En revanche sur les sujets plus désincarnés et distanciés, d’intérêt général, leur participation est plus importante. Faire réfléchir à des pistes de solutions sur une problématique générale semble plus facile. Si cette tendance se confirmait, elle ouvrirait des perspectives concrètes pour mieux inclure la parole des hommes dans les débats et la mettre en valeur. Dans le même temps, cela confirmerait le grand intérêt des outils de démocratie en santé présents sur le web pour faire évoluer la prise en charge.
Les femmes un modèle de force morale face à la maladie ?

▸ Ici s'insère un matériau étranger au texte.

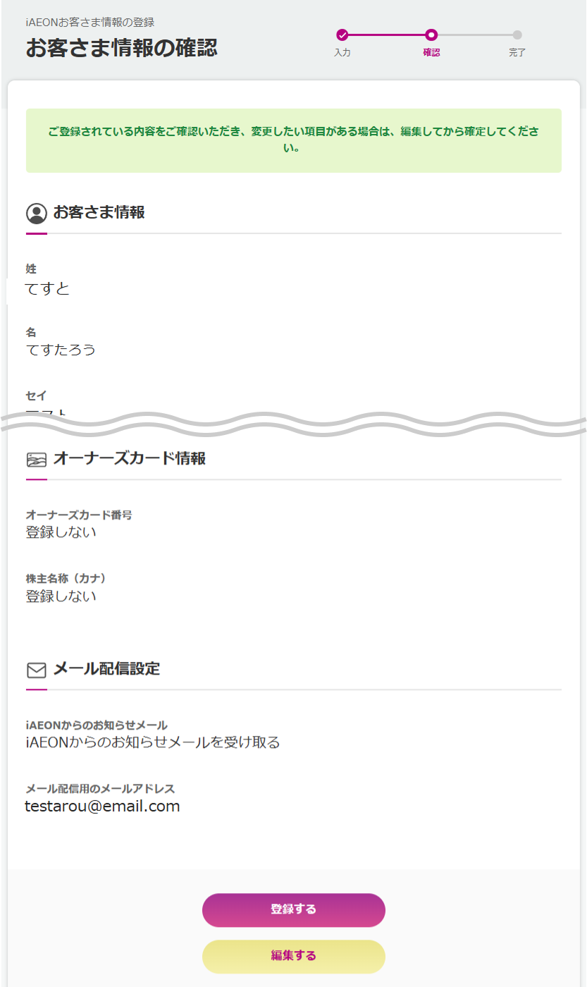 現在登録されているお客さま情報が表示されますので、内容をご確認いただき、必要があれば情報をご入力・修正し、「登録」ボタンへお進みください。
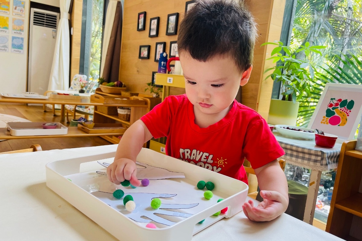 记得他第一次来,紧紧拉着Nido班朱朱老师的手,但大眼睛却不停地打量这个新世界。慢慢地,在国际班老师的邀请和Nido班朱朱老师的鼓励下,家润伸出小手,尝试了新的工作材料,加入集体课堂!
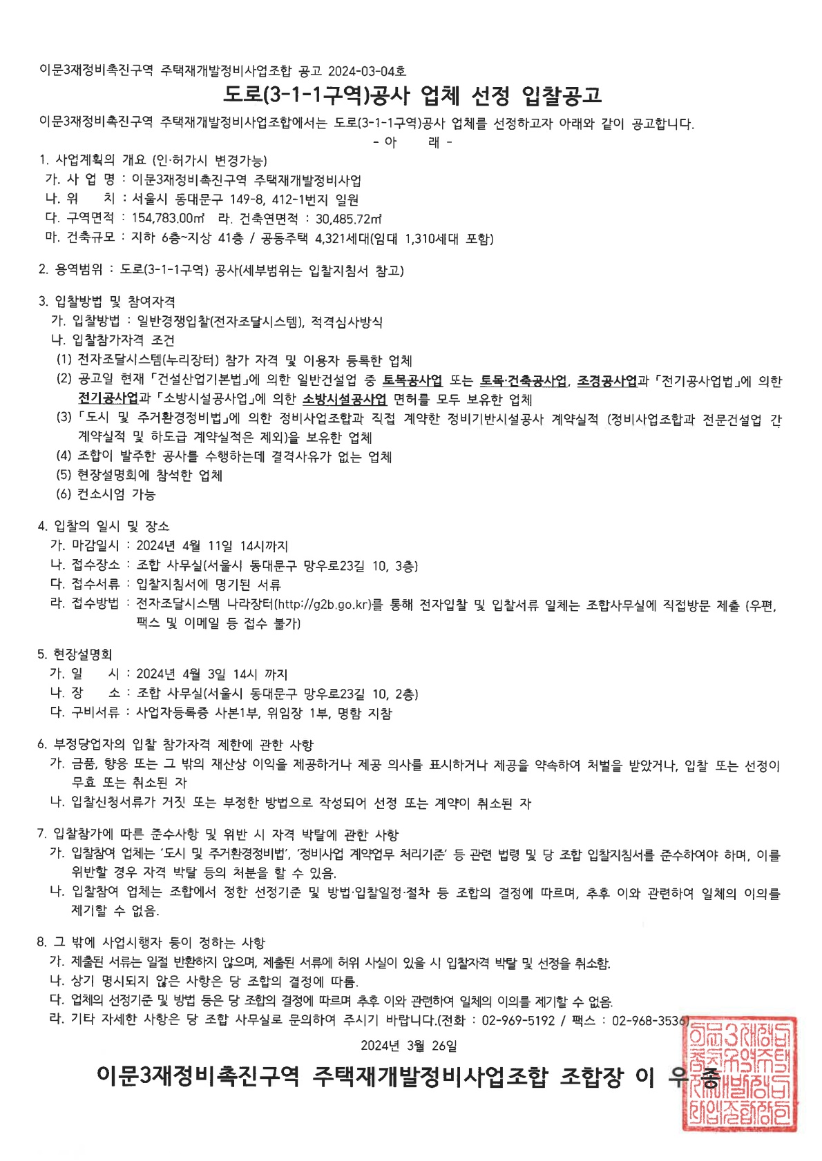입찰명 : 도로(3-1-1구역)공사 업체 선정 입찰공고
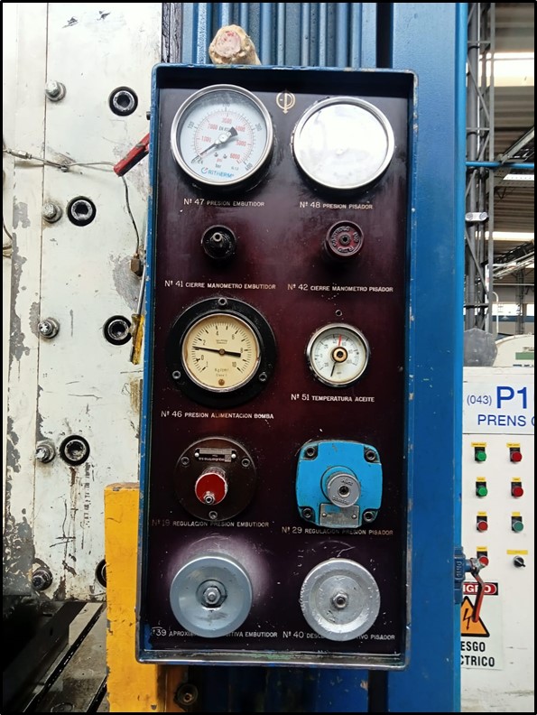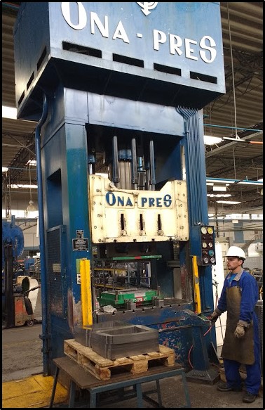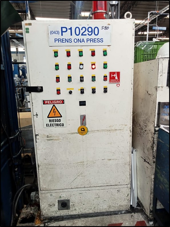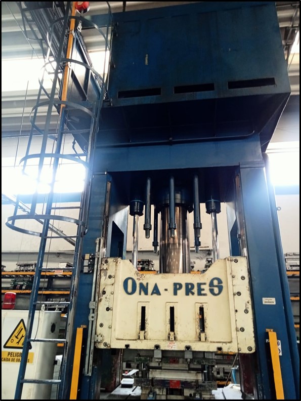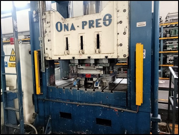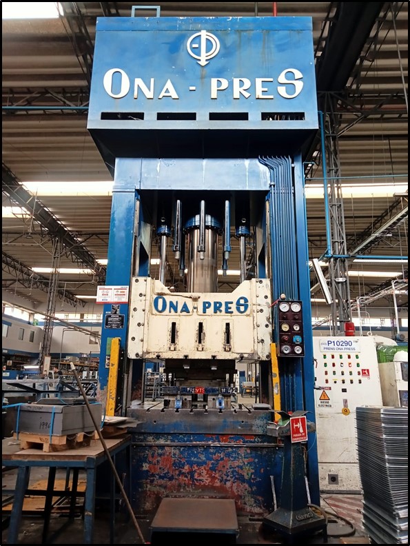 Prensa Troqueladora Marca ONA PRES, fabricación española, Modelo BBD- 60-SER-N de 300 ton de fuerza principal y 120 ton en cojín, Área de mesa 1500x1200mm, recorrido máximo de pistón 800mm., Motor de 84 CV, completa de cuadro de control, mando individual a dos manos o solo pie, Ref.; UM/O 436
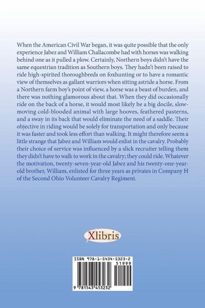 When the American Civil War began, it was quite possible that the only experience Jabez and William Challacombe had with horses was walking behind one as it pulled a plow. Certainly, Northern boys didn’t have the same equestrian tradition as Southern boys. They hadn’t been raised to ride high-spirited thoroughbreds on foxhunting or to have a romantic view of themselves as gallant warriors when sitting astride a horse. From a Northern farm boy’s point of view, a horse was a beast of burden, and there was nothing glamorous about that. When they did occasionally ride on the back of a horse, it would most likely be a big docile, slow-moving cold-blooded animal with large hooves, feathered pasterns, and a sway in its back that would eliminate the need of a saddle. Their objective in riding would be solely for transportation and only because it was faster and took less effort than walking. It might therefore seem a little strange that Jabez and William would enlist in the cavalry. Probably their choice of service was influenced by a slick recruiter telling them they didn’t have to walk to work in the cavalry; they could ride. Whatever the motivation, twenty-seven-year-old Jabez and his twenty-one-year-old brother, William, enlisted for three years as privates in Company H of the Second Ohio Volunteer Cavalry Regiment.
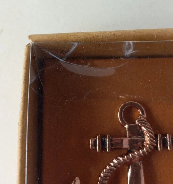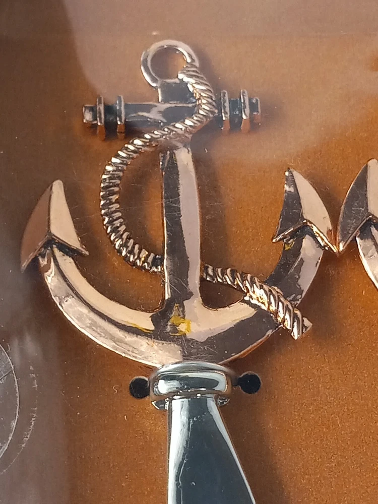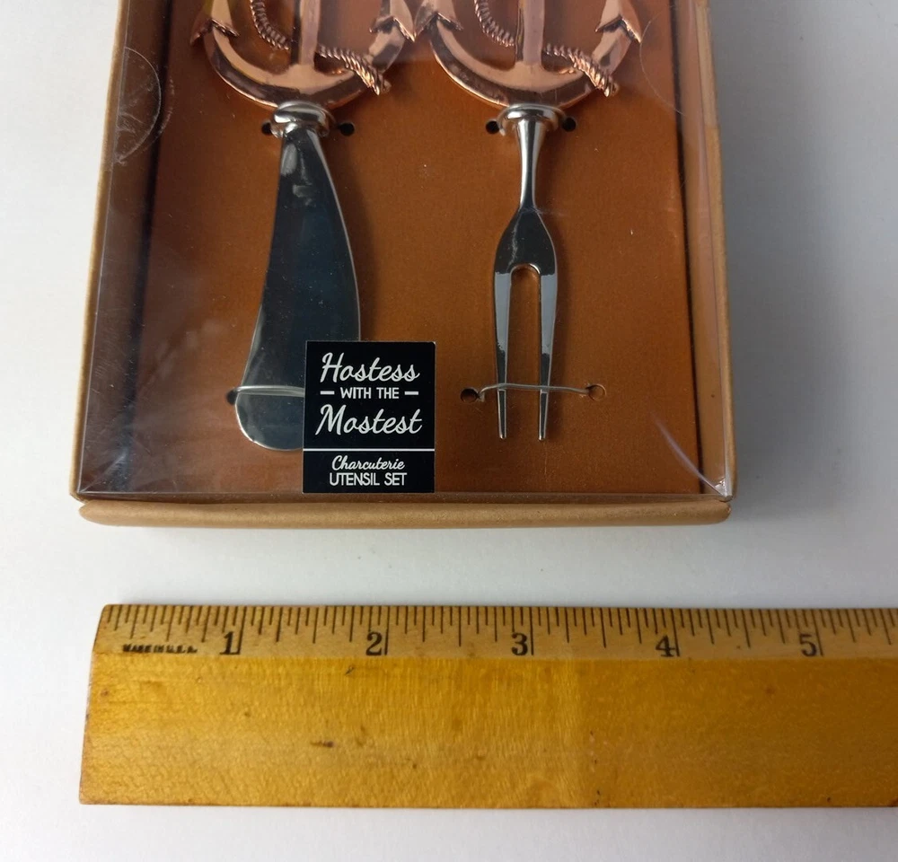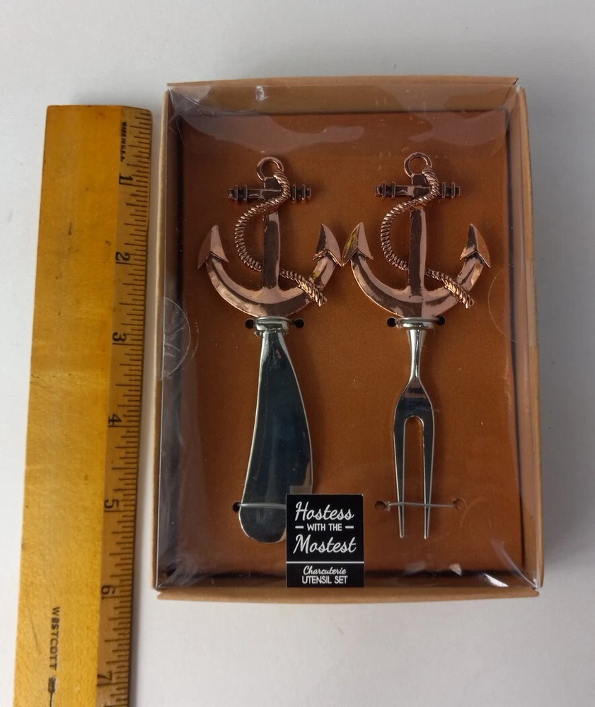 Nautical Hostess with the Mostess Copper toned Anchor Charcuterie Knife and Fork Utensil Set 4.5 inch. See pictures for measurements. PLEASE NOTE: plastic cover has some dents, see pictures. Will combine shipping on multiple orders. Shipped from smoke free environment. Fast shipper!
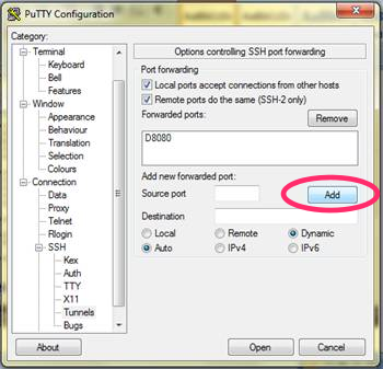 Also, never close this putty.exe application or else your ssh tunnel will close
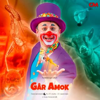 Ta´ familien med til en glad oplevelse med cirkus i børnehøjde ! - Levende underholdning med dygtige artister, dejlige dyr og den sjoveste klovn. - Kan du huske fornemmelsen af magi, der bruser i blodet ? - En følelse af begejstring, der langsomt sniger sig ind under huden på dig, og sætter sig fast som et minde... Troen på, at alt kan lade sig gøre i det øjeblik... Det er den magi, vi, som en af Danmarks cirkusfamilier, er skabt af - det er den, vi kommer til byen med... Årets forestilling har vi valgt at kalde GÅR AMOK - og hvad betyder det egentlig ? - Kort fortalt at vi endnu en gang har lagt os i selen for at levere et brag af et show. - Entré: Fra 140 kr. til 220 kr.
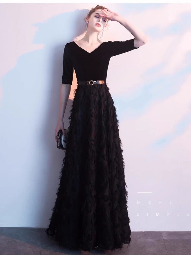礼服黑色主持人宴会高贵大气秋冬季高端轻奢小众高级感艺考成人礼
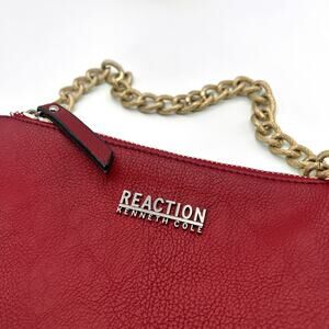 KENNETH COLE REACTION Pebbled Faux Leather Gold Chainlink Shoulder Bag (Red)
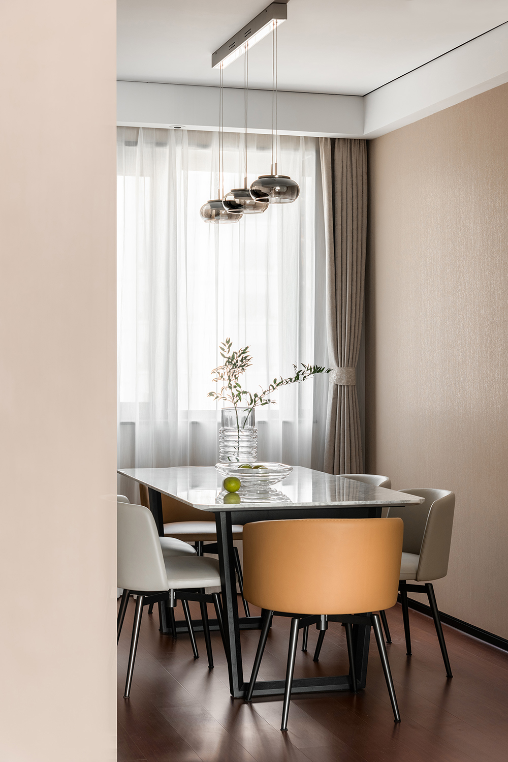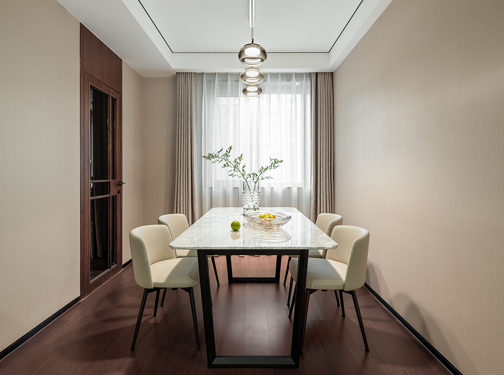独立式餐厅能够很好地区隔出不同的空间,达到结构化设计的效果。器具别出心裁的设计为空间增添了浓厚的艺术气息,与大理石肌理的桌面形成了默契统一。在吊灯的照射下,倒映出物体之间的窃窃私语。

Tous les intervenants ont rappelé la grande attention que les femmes portent habituellement à leurs corps et la familiarité qu’elles entretiennent avec celui-ci. Anastasia Meidani rappelle que d’un point de vue social et culturel, les femmes sont très tôt engagées à suivre leur santé (grossesse, contraception) tandis que les hommes sont encouragés à intérioriser voire à nier leurs maux. Elle souligne en particulier leur relative facilité par rapport aux hommes de mettre en mot leurs maux. On peut également estimer que les femmes en phase de rémission sont plus portées à surmonter l’épreuve qu’elles ont traversée en effectuant un retour sur elles-mêmes et réévaluant les valeurs réelles qui les portent dans la vie. A. Meidani insiste sur le fait que le cancer, dans ce contexte de résilience, peut être « une ressource », voire un « gain » et non pas « une perte ». Pour elle « vivre avec la maladie » grâce à la mise en mots et une réflexion sur soi est plus enrichissant que développer une « rhétorique guerrière » contre elle.
Il y a toutefois un domaine dans lequel les femmes ont été d’emblée et longtemps exclues : l’inclusion dans les essais cliniques. L’industrie pharmaceutique estimait en effet que les variations hormonales des femmes entraînait des risques d’hétérogénéités dans les données recueillies. Ce n’est que récemment (une quinzaine d’années en Europe, une trentaine aux Etats-Unis) qu’il est obligatoire d’inclure les femmes qui le souhaitent et qui le peuvent dans des essais cliniques. Mais encore aujourd’hui, les femmes sont moins nombreuses que les hommes à être incluses dans les essais. On invoque un manque de disponibilité des femmes, une insuffisance de volontaires, des risques de certains essais sur la fertilité… D’où là également une perte de chances, cette fois-ci au détriment des femmes.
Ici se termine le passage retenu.